Rogers consistently emphasizes the positive — he instructed one golfer to talk about his favorite shot on each hole while walking to the next, with the caveat being that on even the worst holes, there had to be a favorite shot. He told another pupil, interested in better putting, to make 10,000 putts, inspired by advice he got in a skiing lesson, that he needed to ski more vertical feet, in more challenging conditions, to improve.

The gospel according to Grant:

* “The hole wants to win, too. It’s a game, and you can’t win every time, and that’s what’s challenging about golf. What’s cool about Bandon Dunes is that you have 85 holes here that are designed to win.”

* “I’m convinced people can be better golfers. I don’t see anything that they’re doing as a permanent problem. I like to encourage people to keep doing this, and to have a lot of fun along the way. Don’t wait until you’re good to have fun. It’s pointless.”
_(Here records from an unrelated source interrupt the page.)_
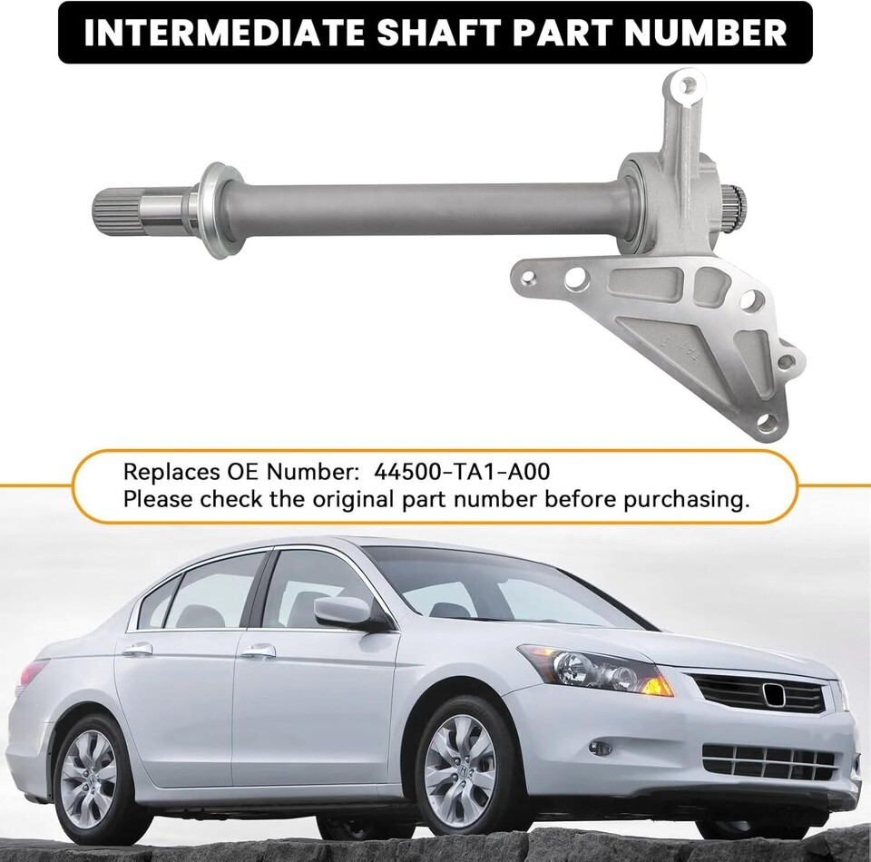 Replaces Part Number: 44500-TA1-A00, 44500TA1A00. Please check the original part number before purchasing. Vehicles Fitment-1: Compatible with Honda Accord 2008-2012 3.5L. EASY INSTALLATION: Easy to install, no need for extra installation tools, saves time and money, and has a long service life. High Quality Material: Made of durable material which is corrosion, direct replacement to your original unit. Package Include: 1 x Intermediate Shaft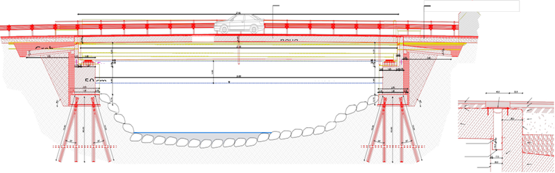 - Die neue Brücke in Latsch soll eine Spannweite von 30 Metern haben und über zwei Fahrstreifen mit je 3,5 Metern Breite sowie einen bis zu zwei Meter breiten Geh- und Radweg verfügen. (Skizze: LPA/Landesabteilung Tiefbau) » [IMG 358 kB]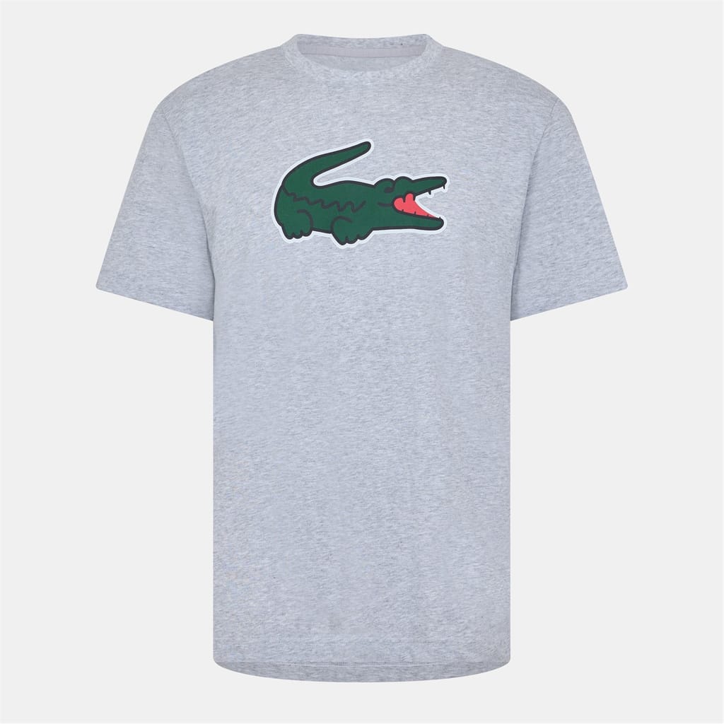 This Lacoste top from the casual collection features a regular fit and short sleeves. It showcases a crew neck and a distinctive graphic print, highlighted by the iconic crocodile logo. -

* “I tell people that somebody in their group is going to be having the most fun, it might as well be them.”

Once in a while, Rogers thinks about how long he’ll keep teaching. Then he’ll look out at the golfers on the practice range, see the assorted swings, golf balls flying hither and yon, and figure that there’s still plenty of work to do.

“As long as there are golfers trying to improve, I’m all in,” he said. “I want to help them.”